Figure 2. Physcomitrella patens life cycle. (Schaefer and Zryd, 2001).

1.1.3. Features of Physcomitrella patens for considering it a model organism

A major goal of modern biology is to understand the relationship between biological systems and the presence and activity of genes. Model systems of biology have provided both the experimental material and the biological context for framing questions that explore this relationship. The investigator’s ability to use several different model systems allows the function of related genes to be tested in a variety of biological and/or methodological contexts. Genomics, along with the conservation of gene structure and function found among diverse organisms, represents a “golden thread” that links model systems and allows the comparison between them. Several strategies have been applied to identify new genes and decipher protein function in plants. The most basic approach is sequence comparison of a gene or a protein with existing databases. Homology to another protein whose function has been previously established can provide important clues about cellular function and biochemical properties. However, this is a descriptive approach and don´t tell what function a gene performs in a cell or in an organism. The most widely used approach for performing functional genomics has been insertional mutagenesis. Insertional mutagenesis by transgenesis and the phenotypic and molecular characterization of tagged mutated lines has been used extensively to study plant gene function. Nonetheless, insertional mutagenesis has several conceptual

(13)

disadvantages: (a) It is based on random integration of tags in the genome and thus can only generate stochastically distributed allelic mutations in the genome; (b) it requires the generation of large numbers of transformants to saturate the genome with tags; (c) it only identifies detectable viable phenotypes and does not generate conditional mutations, which is a prerequisite for the identification and the characterization of essential genes; (d ) the identification of the tagged mutant or gene can be very difficult and time consuming because multiple insertion or major chromosomal rearrangements can be associated with the insertion of the tag; and (e) it does not enable the generation of specific point mutations in a gene, which is a prerequisite for detailed functional analysis and for generating an allelic series of mutations within a specific gene that allow a full range of possible phenotypes to be explored (Lodish et al., 2004). Those approaches and observations can be circumvent by using gene targeting (GT). GT is the generation of specific mutations in a genome by homologous recombination-mediated integration of foreign DNA sequences being a pre-requesite to reverse genetics, i.e. for gene disruption or allele replacement. With such approaches, virtually any gene, even with unknown function, can be specifically mutagenized in vitro and reintroduced to its own chromosomal location in order to study its function (Schaefer and Zryd, 1997; Aylon and Kupiec, 2004).

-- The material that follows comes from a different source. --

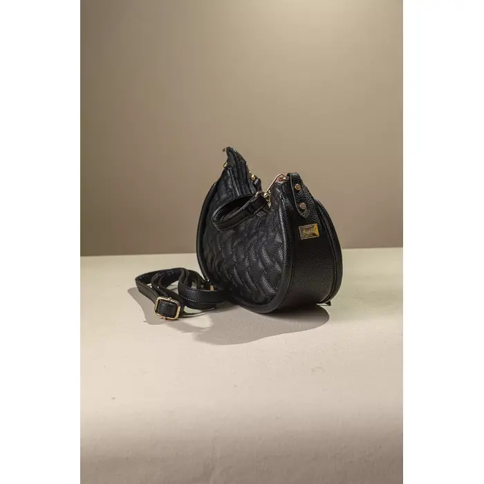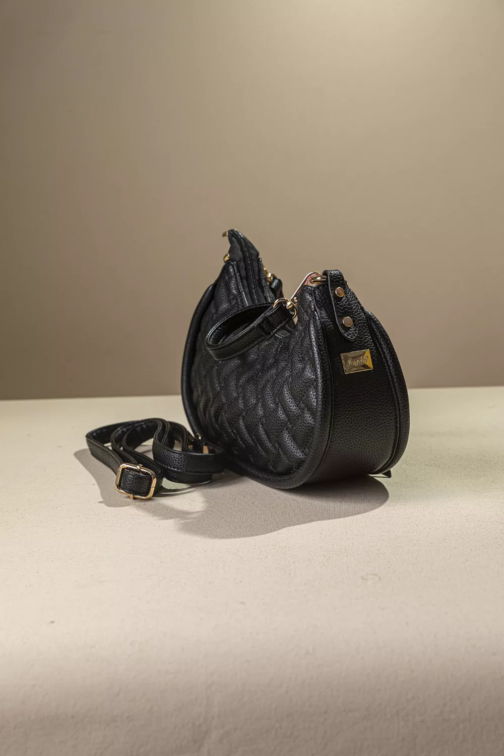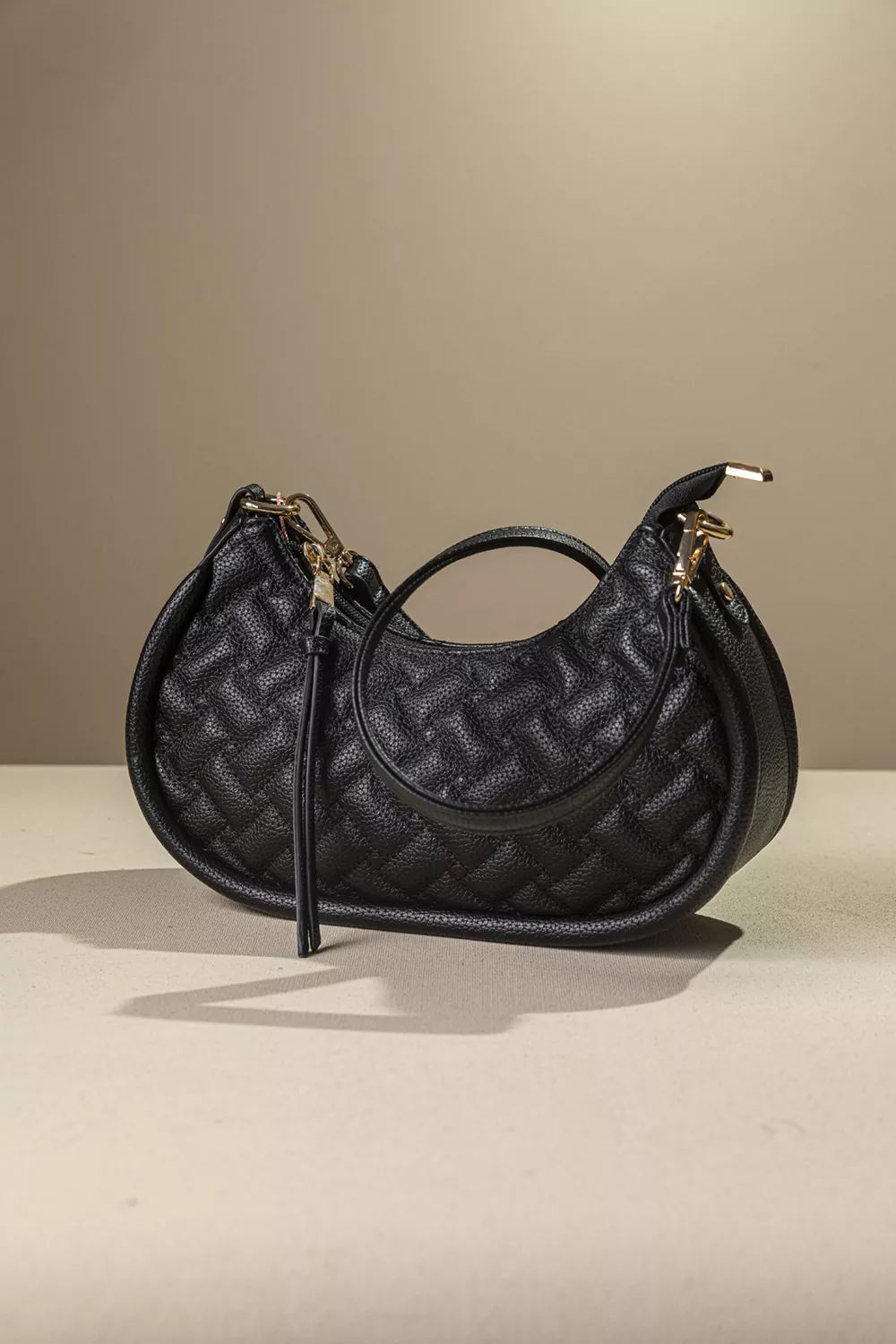 • Κομψή τσάντα ώμου με καπιτονέ σχέδιο και σχήμα μισοφέγγαρο. Ιδανική για καθημερινή και απογευματινή χρήση. Διαθέτει άνετο εσωτερικό χώρο με όλα τα απαραίτητα τσεπάκια.

The moss Physcomitrella patens deserved particular attention from researchers, because besides the simplicity of its life cycle and morphology, the fact that very simple growth conditions are required for the completion of its life cycle, it is possible to perform gene targeting with a high efficiency (Table 1). In GT experiments, the transforming DNA carries a mutated allele of the gene of interest along with a selectable marker. The homologous fragment targets the transforming DNA to the corresponding chromosomal locus where it integrates by homologous recombination (HR), resulting in either gene knock-out by insertion or point mutations by gene conversion (Simon and Moore, 1987). Schaeffer and his coworkers (Schaefer et al., 1991; Schaefer and Zryd, 1997) observed through sequential transformation of P. patens that the resulting transformed plants almost always displayed a very close genetic linkage of the two resistance transgenes. These genetic data suggested that the second plasmid integrated at the previously generated artificial locus by HR, providing the first evidence for efficient GT in P. patens. Several research groups did transformation experiments using cloned P. patens genomic sequences which confirmed the hypothesis of GT leading to the conclusion that the integration of foreign DNA sequences into the genome occurs predominantly at targeted locations by HR (Schaefer et al., 1994; Kammerer and Cove, 1996). Although GT is the standard method for the study of functional genetics in microbiological systems such as bacteria, yeast and some filamentous fungi, it can be applied to higher eukaryotic model systems only rarely. This is because the frequency of integration at random locations by illegitimate recombination (IR) in higher eukaryotes is several orders of magnitude higher than that of targeted integration by HR (Table 1).

(14)

Within higher eukaryotes the notable exceptions are mouse embryonic stem cells in mammals and P. patens in whole plant kingdom (Muller et al., 1999; Vergunst and Hooykaas, 1999).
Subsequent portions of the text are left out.